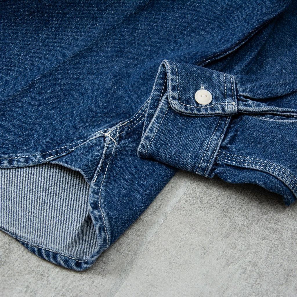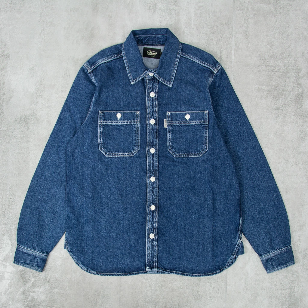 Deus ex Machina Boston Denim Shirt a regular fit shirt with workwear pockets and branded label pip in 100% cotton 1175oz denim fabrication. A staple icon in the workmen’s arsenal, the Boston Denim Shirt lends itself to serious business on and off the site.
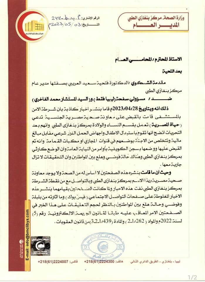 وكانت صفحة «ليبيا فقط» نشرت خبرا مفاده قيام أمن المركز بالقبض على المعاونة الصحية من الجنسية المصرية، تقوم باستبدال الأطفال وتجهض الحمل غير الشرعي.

---

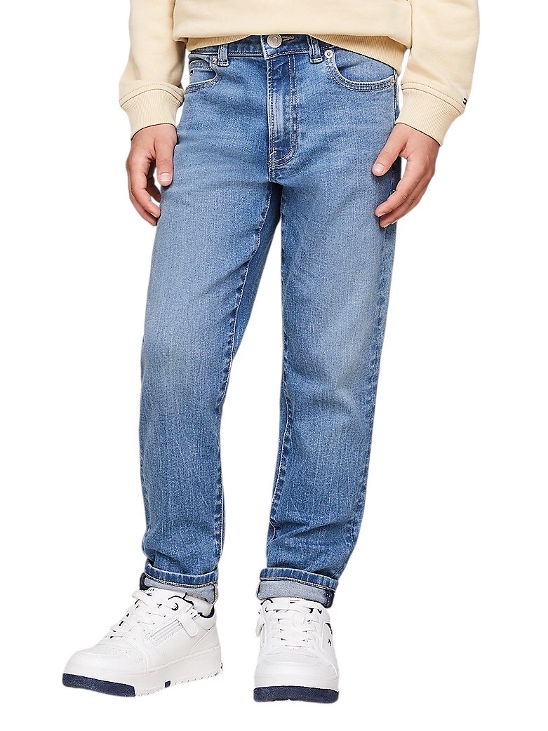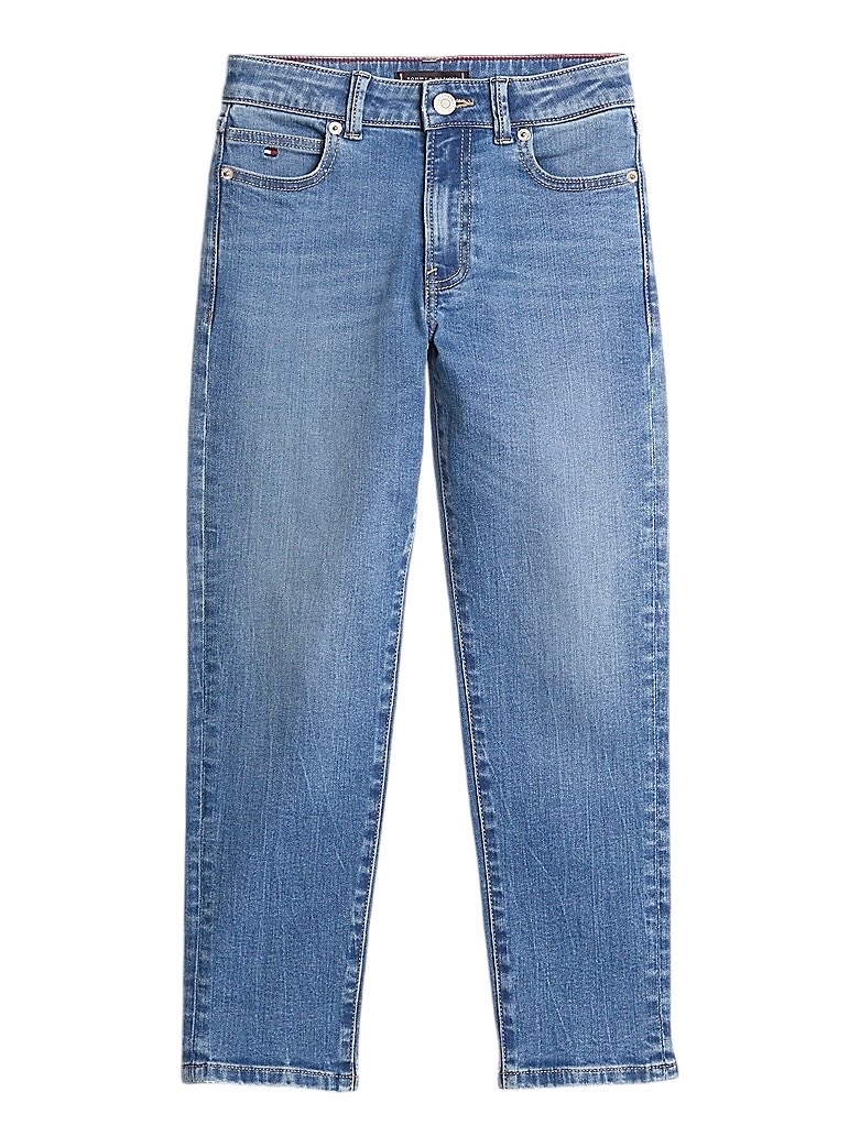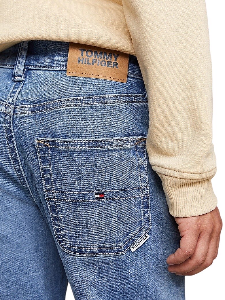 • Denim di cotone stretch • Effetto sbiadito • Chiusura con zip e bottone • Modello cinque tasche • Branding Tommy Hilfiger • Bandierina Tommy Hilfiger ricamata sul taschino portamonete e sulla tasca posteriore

◆ **Exercise goal**
Starting with the line that has "Deus ex Machina" and going on through the line that has "الحمل غير الشرعي.", transcribe the records above exactly, but skip the pictures.

◆ **Written solution**
 Deus ex Machina Boston Denim Shirt a regular fit shirt with workwear pockets and branded label pip in 100% cotton 1175oz denim fabrication. A staple icon in the workmen’s arsenal, the Boston Denim Shirt lends itself to serious business on and off the site.
 وكانت صفحة «ليبيا فقط» نشرت خبرا مفاده قيام أمن المركز بالقبض على المعاونة الصحية من الجنسية المصرية، تقوم باستبدال الأطفال وتجهض الحمل غير الشرعي.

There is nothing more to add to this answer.